Pydantic model for deployment config #211

VeckoTheGecko · 2024-12-12T14:15:49Z

Adding Pydantic model for ingesting and validating the deployment config.

This is a first draft so that maintainers can provide feedback and insight into how the fields are used. We can use Pydantic to provide custom validation.

Feel free to push to this branch. You have a better idea on what the configs should be. I highly recommend that we use the objects provided in the YAML specification as much as possible (e.g., for dates we can provide date objects rather than strings. See "Example 2.22 Timestamps" of the specification) to streamline ingestion.

@callumrollo @jklymak

VeckoTheGecko · 2024-12-12T14:16:36Z

Pydantic has a rich system for validation, so I recommend we work inside that https://docs.pydantic.dev/latest/concepts/validators/#before-after-wrap-and-plain-validators.

jklymak · 2024-12-12T15:31:00Z

So... I don't think this is in the spirit of how pyglider is meant to work. We are not in the business of enforcing the metadata that gets put into to netcdf files. Indeed we want to be as flexible as possible to allow users to write metadata to suit whatever purpose they have.
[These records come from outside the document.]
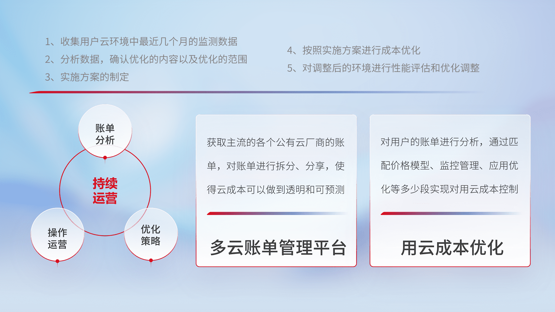 通过多云纳管,,,以统一的资源数据模型把客户的云资源进行抽象和封装,,,进而实现对多云资源的统一操作,,保障云资源管理的可靠性、、、稳定性与可用性。。。量身定制化运维内容,,,,配置、、开发运维、、、补丁管理、、备份、、、、监控、、认证和访问管理、、、审计和日常巡检等,,保障在用云过程中的可靠度,,稳定度以及高可用率。。。。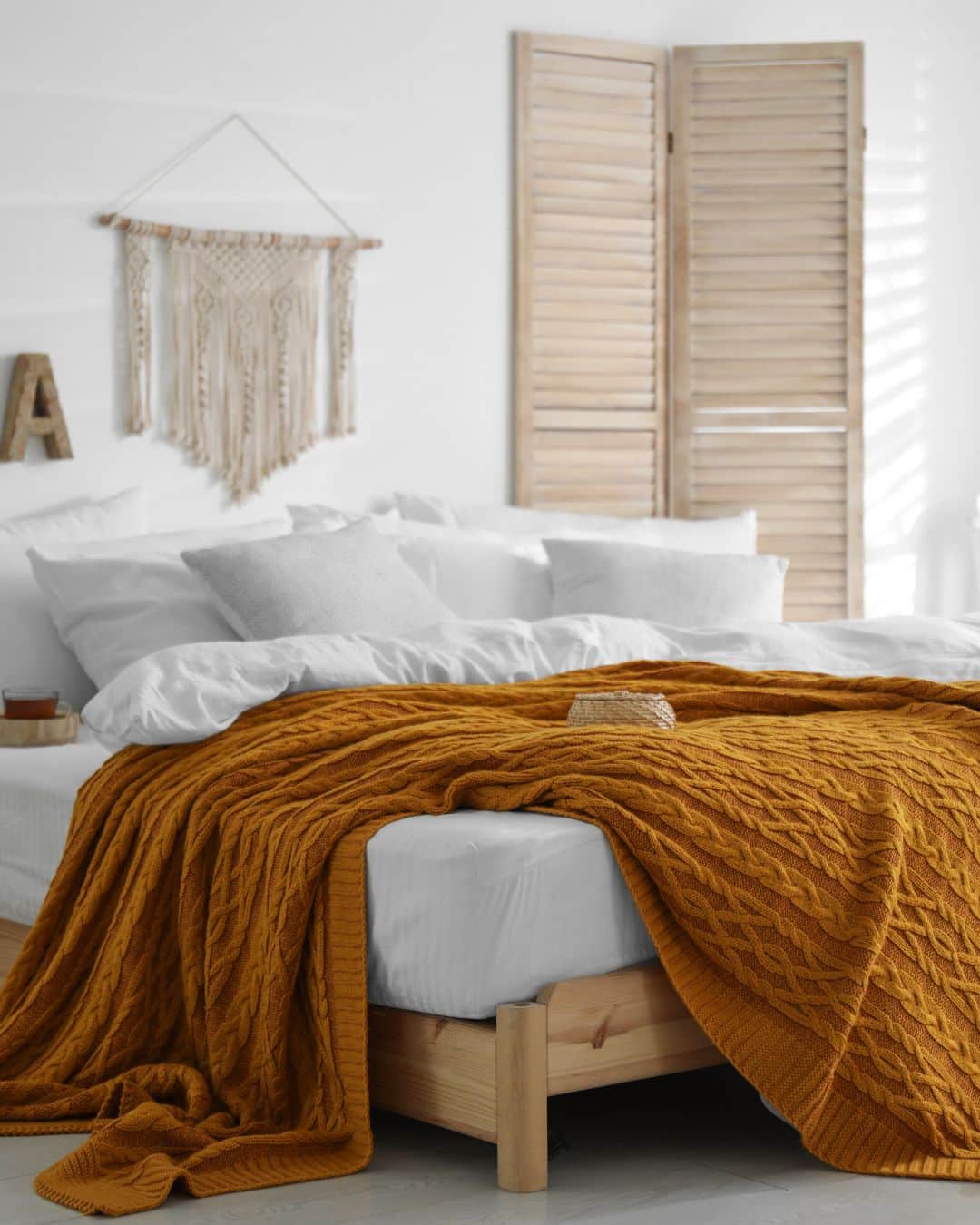 Sin embargo, la verdadera magia reside en el "layering" o el arte de las capas. Una cama de revista no se viste, se construye. La base debe ser táctil y honesta: sábanas de lino o algodón percal en tonos neutros que respiren. Sobre ellas, el juego de texturas es vital; una colcha con cuerpo y un plaid de lana o punto a los pies rompen la monotonía y añaden profundidad visual y calidez.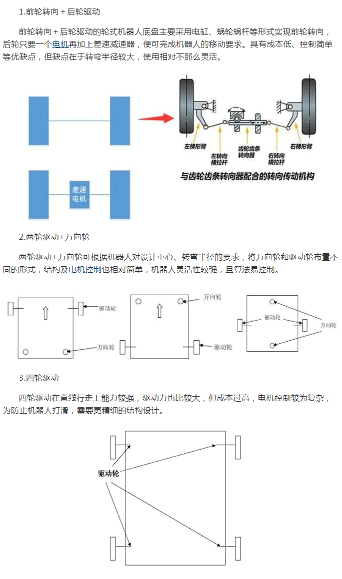 輪式機(jī)器人底盤主要有前輪轉(zhuǎn)向后輪差速驅(qū)動、兩輪驅(qū)動+萬向輪、四輪驅(qū)動之分。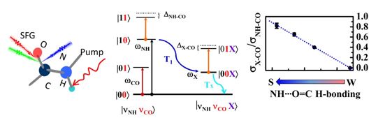 电子和能量转移过程被誉为化学反应动力学的心脏,直接决定化学反应的所有初始步骤。蛋白质分子能量转移对生化反应及生理功能的正常运作至关重要,许多重要的生理和细胞过程都依赖于蛋白质的超快能量转移过程,例如,构象变化传输和变构通迅与沿蛋白质骨架上的能量传输直接相关。快速且有效的能量转移是蛋白质维持在很窄温度范围内正常工作的重要保证。因而,理解生物膜界面蛋白质的能量转移过程是揭示膜蛋白质工作机制的关键。但是,迄今为止人们对蛋白质(特别是界面蛋白质)能量转移了解十分有限,例如,对振动能量如何在蛋白质内传输,如何与构象变化传输关联,如何导致功能,以及振动能量传递是否是直接的相干传递过程依然是未解之谜。其根源在于能量传递过程往往牵涉皮秒或更短时间尺度内的激发态动力学,而目前在理论和实验上对激发态动力学,尤其是界面激发态动力学的精确描述还缺乏行之有效的方法和数据积累。最近该小组独立搭建了振动态选择激发-和频光谱探测的飞秒时间分辨测量系统,其技术指标达到当前国际最先进水平。利用具有特定能量的飞秒红外脉冲选择激发生物膜上蛋白质的N-H基团,然后用飞秒和频光谱监控N-H基团的瞬态结构变化,首次成功测出水环境下生物膜上蛋白质N-H的振动能量转移速率(图1)。通过激发N-H基团,探测酰胺键C=O瞬态结构变化,研究者发现N-H到C=O的振动能量传递存在两种途径:一种是直接的NH-CO耦合作用
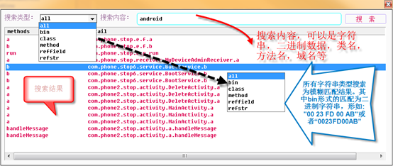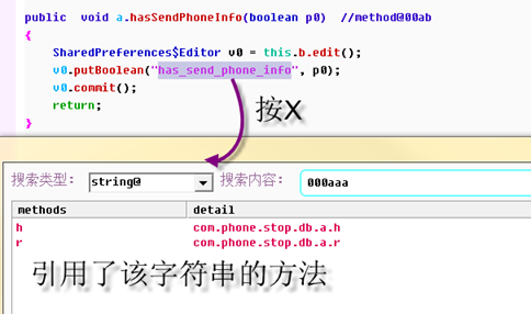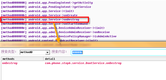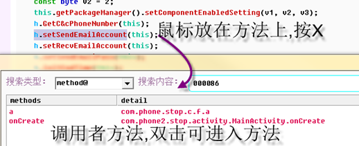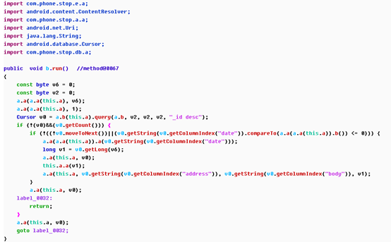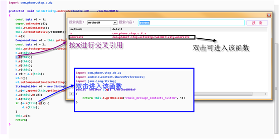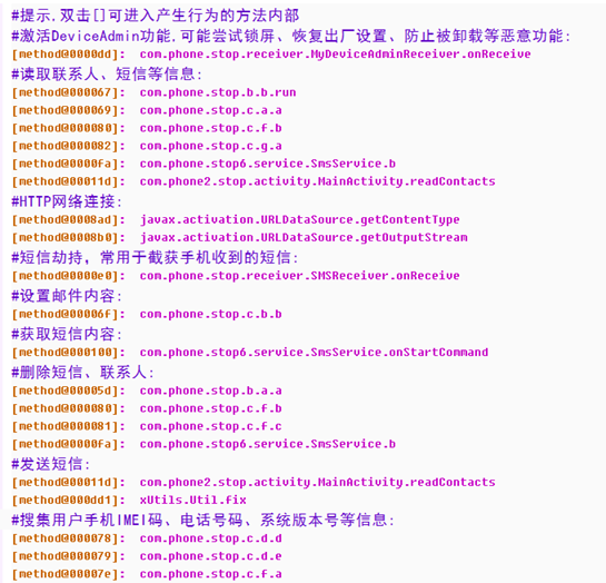 It can be seen that the malware has a lot of malicious manipulation. The list following Behavior description is the method of generating malicious behavior of this type. Double click method@ to access this method,For example, click enter the second description ” #读取联系人、短信等信息:” And [method@000067]: com.phone.stop.b.b.run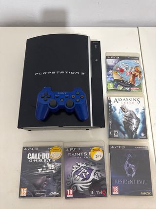 Se vende consola PlayStation 3 en color negro, junto con un mando azul y cuatro videojuegos. - Consola PlayStation 3 - Mando DualShock 3 azul - Grand Theft Auto V (no tiene caja) - Assassin's Creed - Call of Duty: Ghosts - Saints Row: The Third - Resident Evil 6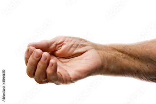 Needy old grandmother. Outstretched hand of a man close-up. Social difficulties and problems of old people. Good old palms of the grandmother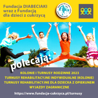 Fundacja DIABECIAKI wraz z Fundacją dla dzieci z cukrzycą polecają: KOLONIE I TURNUSY RODZINNE 2023TURNUSY REHABILITACYJNE INDYWIDUALNE (KOLONIE)TURNUSY REHABILITACYJNE DLA DZIECKA Z OPIEKUNEMWYJAZDY ZAGRANICZNE szczegóły: //www.fundacja-cukrzyca.pl/turnusy?fbclid=IwAR3pFxiKGSET5nhqzcinCj1_gTkDAKBFP6sRBTbykf5NP52HYwCzE2xxOig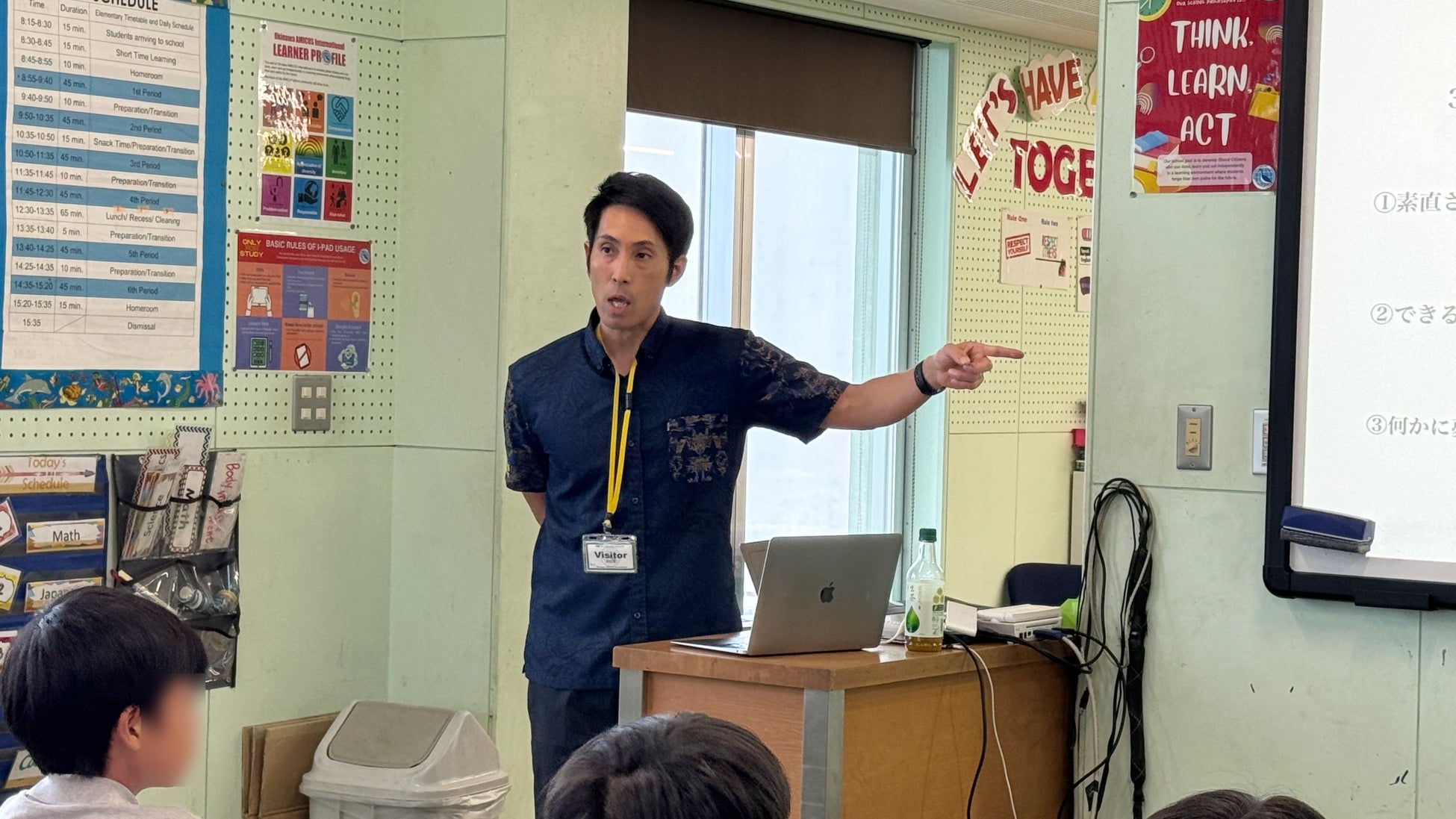 沖縄アミークスインターナショナルスクールの「キャリアフェア2024」では、小学6年生と中学1年生を対象に講話を行いました。自分の強みを信じて、目標に向かってやり続ける大切さを伝え、仕事に対するやりがいや、日々の学校生活が将来の自分に繋がっているということをお話ししました。

Perhaps I'm misunderstanding, but this pr seems to be enforcing the metadata standard we currently have an example of. I think glider can and should provide examples of metadata compliant yaml files, I don't think we want to be another place where compliance is checked and try to keep that compliance up to date with changes to other compliance checkers.

VeckoTheGecko · 2024-12-13T10:40:42Z

I should have explained better in the original description. It was close to end of day when I made this so it was a bit rushed :) .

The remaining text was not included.